Рядом со стелой – совсем уж неожиданное соседство! – кладбище с разнородными надгробиями над братскими могилами местных героев Гражданской войны. Здесь в центре нечто вроде сведенного до минимума подобия египетской пирамиды, сложенной из булыжника и поросшей зеленоватым мхом. Одно из надгробий – алюминиевый киль из хвостового оперения уже современного реактивного истребителя. Некоторые из захоронений просто окантованы «гармошкой» уложенных кирпичей. На иных скромных памятниках кустарной работы есть надписи, а тут и вообще ничего – безымянность. Лишь в молчаливой задумчивости скорбно склоняют свои могучие кроны густо разросшиеся деревья. Какого-то официального наименования этому кладбищу слышать не доводилось, но гдовичи называют его Сквером павших борцов.
И здесь же – мощеная опять же булыжником, а ближе к нашему времени покрытая асфальтом дорога. Чуть в сторонке за ней на высоком пьедестале сработанный, по всей видимости, как стандартная серийного выпуска статуя, – памятник Ленину. Издали не рассмотришь – не то из белого камня, не то покрытая серебристо-белой краской. Чуть подавшись вперед, как и положено витийствующему с трибуны вождю, Ильич, так сказать, весь в порыве, весь устремлен в грядущее, увлекая массы в светлое будущее соответственным жестом властной руки. И если стелу-памятник Яну Фабрициусу навозом осквернили, то ему в эту указующе-направляющую руку повесили ведро с дерьмом.
Близкие люди, взяв с меня слово никому о том не говорить, рассказали, что это сделала в ночь на 22 апреля, то есть как подарок ко дню рождения «гению всех времен и народов», одна хорошо знакомая мне девушка, только-только закончившая в Питере престижный гуманитарный вуз. Прочла переписку Горького с Лениным, где великий пролетарский писатель пишет, что русская интеллигенция – это мозг нации и потому ее надо беречь, а «величайший из величайших» пролетарский вождь сердито отвечает ему, что это не мозг, а говно. Ну, вот на это она по-своему и отреагировала.

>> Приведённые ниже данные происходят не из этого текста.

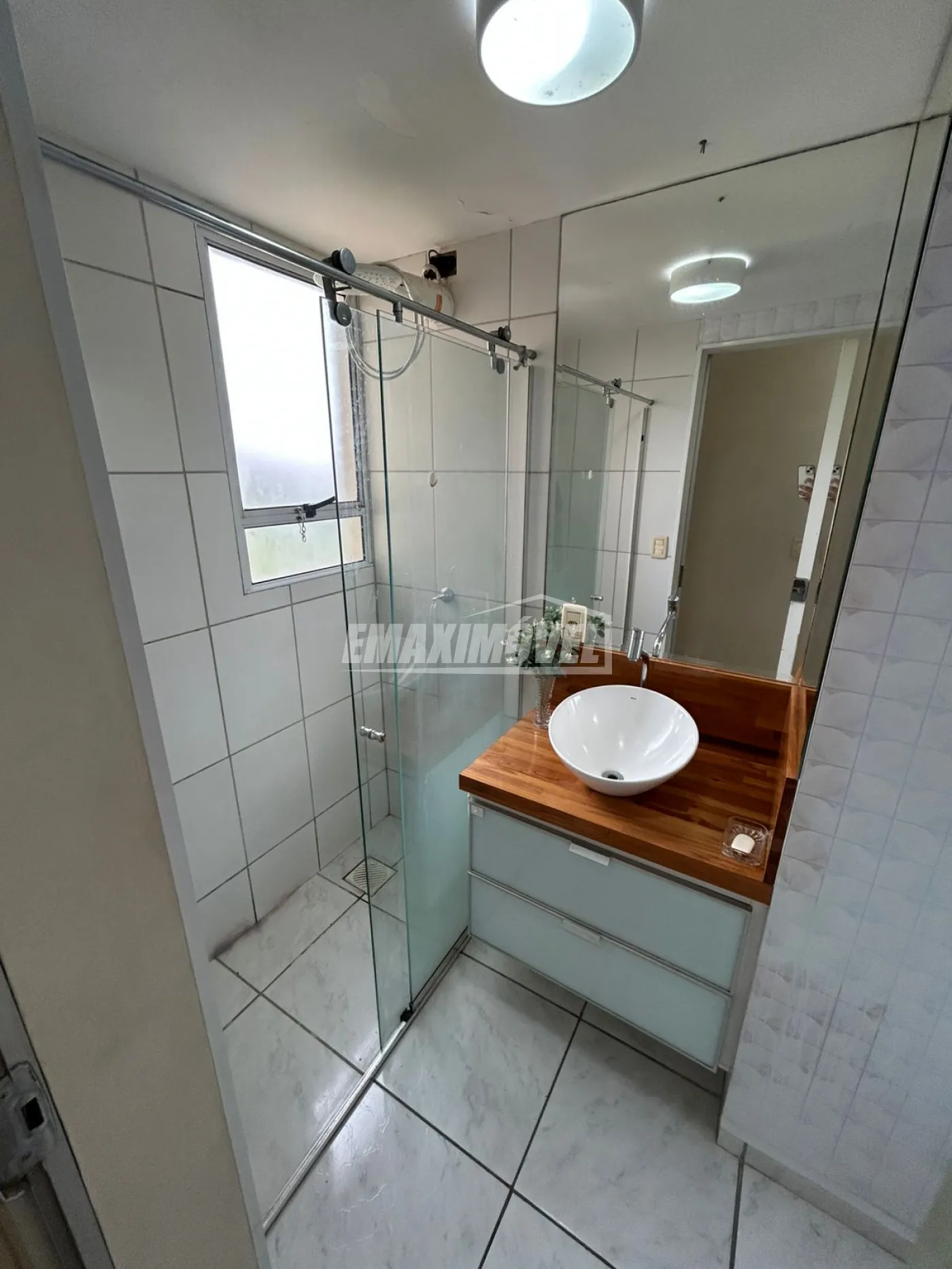 1 Banheiro Social com box de vidro e gabinete

В небольшом районном Гдове, кстати говоря, установлено два памятника великому «пролетарскому» Ильичу-палачу. Один вот здесь, возле Сквера павших борцов, второй, еще более величественно-монументальный (на века!) – возле здания бывшего райисполкома, ныне – администрации района. Так вот тоже в ту же ночь заляпали дерьмом.
– Что, и там – она?
– Нет, там кто-то другой…
Напасть на след, установить – кто, властям не удалось, и подозрение пало на «церковников», чуть ли не на самого попа. Не пойманный, как известно, не вор, да и не в этом дело. А дело в том, что все празднования в Гдове обычно проводились возле Сквера павших борцов, на площади имени 25-го Октября, в центре которой и возвышается каменный вождь. Когда на митинге в День Победы отец Михаил вышел к микрофону, то он оказался аккурат как бы лицом к лицу со своим бессмертно-могущественным противником. Ну, право, нарочно не придумаешь! Прямо-таки как в потрясающе-впечатляющей маленькой трагедии Пушкина «Каменный гость». Уж поединок так поединок! Статуя. Каменный идол, идолище поганое, чудище огромно, стозевно, главный большевистский истукан и невесть откуда взявшийся, видимо, чудом уцелевший поп в черной рясе. Это по тому времени была еще истинная небыль. Многолюдная толпа, что называется, ахнула и обмерла.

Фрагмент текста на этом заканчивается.